I shake my head and take a step back. A look of sympathy flashes across her eyes before she turns and makes her way down the staircase. She knows why I won’t put myself in a small, dark space. What she doesn’t know is that I still wake up in the night sometimes, sheets soaked with my terror. The feeling of a bird flapping in my chest. Even now, the honeyed sunshine streaming through the glass in the front door can’t keep my black thoughts at bay, and I fall back into a memory I don’t think I’ll ever escape.
* * *
I was trapped. Alone. Scared. I bit down hard on my lip to stop myself from crying. There was no one to hear me. I couldn’t allow myself to believe he would hurt me but panic welled again. I screwed my eyes tightly closed but when I opened them there was the same suffocating blackness and I worried I would run out of air in this tiny, confined space. I told myself not to scream, to preserve oxygen, but anxiety built and built until it burst, and I was banging against the door with my fists, begging to be set free, until, exhausted, I sank to my knees. There was nothing to be heard but the sound of my own cries ringing in my ears. I wondered how long I would spend here. It already felt like an eternity, but I thought about what might come after, when he came back, and I couldn’t help myself. I began to cry and I didn’t think I would ever stop.
* * *
The clatter of Lisa’s footsteps brings me back to now, where there is no locked door, no darkness, but the fear, it still lingers. I don’t think I’ll ever properly shake it.
13
Then
I replayed the events of Perry’s party the night before on a loop until the memory became more colourful and vibrant than the present moment. The feel of Jake’s hands entwined in my hair, the brush of his lips on mine, sweet apple cider on his tongue.
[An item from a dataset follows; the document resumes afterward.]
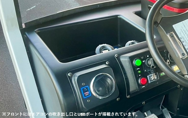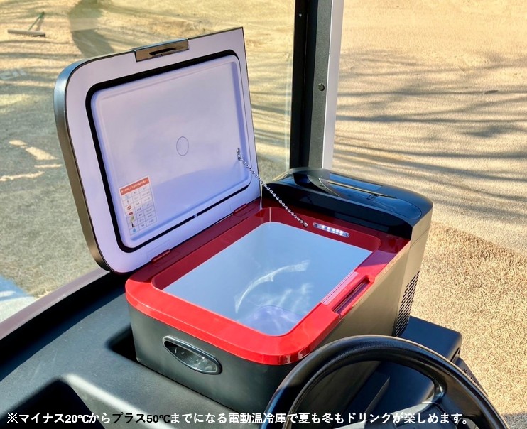 また、カート車内のダッシュボードと一体化した電動温冷庫も備えており、夏場は冷たいドリンクを、冬場は温かいドリンクを楽しむことができます。電動温冷庫はマイナス20℃からプラス50℃の範囲で冷却・加温が可能です。車内にはUSBポートも搭載しているため、ラウンド中の携帯電話などの充電切れを防げます。

‘Kat!’ The irritation in Mum’s voice snapped me back into kitchen where she was rolling stuffing into balls, roast pork spitting and crackling in the oven.
‘Sorry. What did you?…’
‘Set the table.’
I cleared away my revision books and laid out the cutlery. Not the weekday slightly tarnished knives and forks but the shiny silver wedding present set housed in a wooden case. Dad was so traditional. I couldn’t remember a time we didn’t have a roast lunch on a Sunday, even during the summer months when our terraced house became a furnace, the sun glaring furiously through the back windows.
The conversation at dinner was strained.
‘What are your plans for this afternoon?’ Mum asked Dad in a tone that indicated she knew exactly what he should be doing. It was the same every week. Dad would say he was reading the papers and Mum would remind him the fence remained half-painted, the loose stair carpet needed nailing down, the shelf in the lounge was still wonky.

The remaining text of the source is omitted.